An old saying claims everyone has at least one book in them. For Mobile author Charlotte March, just the one might be enough.

“I didn’t start to work on this until I was about 61 or so. It’s my first and most likely my last but one I’ve been writing most of my life,” March said.

She hasn’t been artistically idle, having penned short stories and essays for years. However, her saga set in historic Mobile grew within her long before she began its decade of creation, the first six years of which were research.

“A friend met Arthur C. Clarke once and asked him what advice he would have for aspiring writers. Clarke said, ‘The only answer is to get a pen and a paper and put the pen on the paper and if you can write, you’ll find out and if you can’t, you’ll find out,’” March said. “So I got my pen and paper and said, ‘If I can write one chapter, then I can write two.”

Her book, “Jubal Leatherbury,” begins in the titular protagonist’s fourth year of life with his 11-year-old brother and parents on the outskirts of Mobile, surrounded by scenarios and happenings now mythologized in contemporary Azalea City. However, the abuse Jubal suffers at his mother’s hand is anything but picturesque.

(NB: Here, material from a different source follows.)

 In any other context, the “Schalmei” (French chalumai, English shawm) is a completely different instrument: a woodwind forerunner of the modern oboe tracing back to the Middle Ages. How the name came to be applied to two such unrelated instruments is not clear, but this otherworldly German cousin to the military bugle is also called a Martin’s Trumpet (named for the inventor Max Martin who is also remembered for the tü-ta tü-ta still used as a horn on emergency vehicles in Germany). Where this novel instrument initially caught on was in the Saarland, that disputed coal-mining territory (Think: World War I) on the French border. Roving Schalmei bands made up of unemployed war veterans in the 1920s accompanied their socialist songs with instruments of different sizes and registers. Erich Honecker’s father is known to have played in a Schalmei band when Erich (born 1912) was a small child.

“The father is loving but inattentive. When he finds out about Jubal’s treatment it is a devastating, life-changing experience for them,” March said.

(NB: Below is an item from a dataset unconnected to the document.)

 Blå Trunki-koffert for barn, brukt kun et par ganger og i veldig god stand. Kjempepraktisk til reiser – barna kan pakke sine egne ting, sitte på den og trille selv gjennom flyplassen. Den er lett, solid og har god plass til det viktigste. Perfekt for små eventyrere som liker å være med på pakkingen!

Jubal is spirited away and raised by a grandmother in New Orleans, then returns to Mobile 18 years later. He’s reintroduced to his hometown.

“I wanted to show Mobile then, businesses and pleasure activities like going across the bay on the bay boats for picnics. I brought in Mobile Yacht Club, which at that time was in Monroe Park and built 600 feet out into the bay, but a hurricane took care of that,” March said.

Young Leatherbury doesn’t make connections easily. He maintains barriers, both exterior and interior.

“You learn there’s something not quite right about Jubal. He’s reclusive, he doesn’t interact well with other people. He thinks there’s something wrong with him but he doesn’t know what it is. He knows he’s handled with kid gloves by his grandmother and his father but he’s a damaged person,” March said.

Jubal’s Louisiana experience as an accountant in the timber trade lands him a similar job in north Mobile County. It’s there he discovers troubling partnerships between the public and private sectors.

“Jubal encounters prisoners and the way they were rented out by the state, how they were given, body and soul, to the timber industry and railroad industry. I did a lot of research on that and it was incredible, worse than Third World,” March said.

The revelation stirs repressed memories of Jubal’s early childhood treatment. The new course it sets for him leads northward and toward reconciliation of his own struggles with those around him.

Originally checking in at over 1,000 pages, March knew the lengthy tome would scare away readers, as it did agents. It’s now a pair of volumes, the first about 550 pages and the second close to 800.

March’s primary career was in nursing, attending school in Birmingham and working in an emergency room during the Civil Rights era before she married. She moved to her husband’s hometown of Mobile where she became a nursing instructor until she started having kids.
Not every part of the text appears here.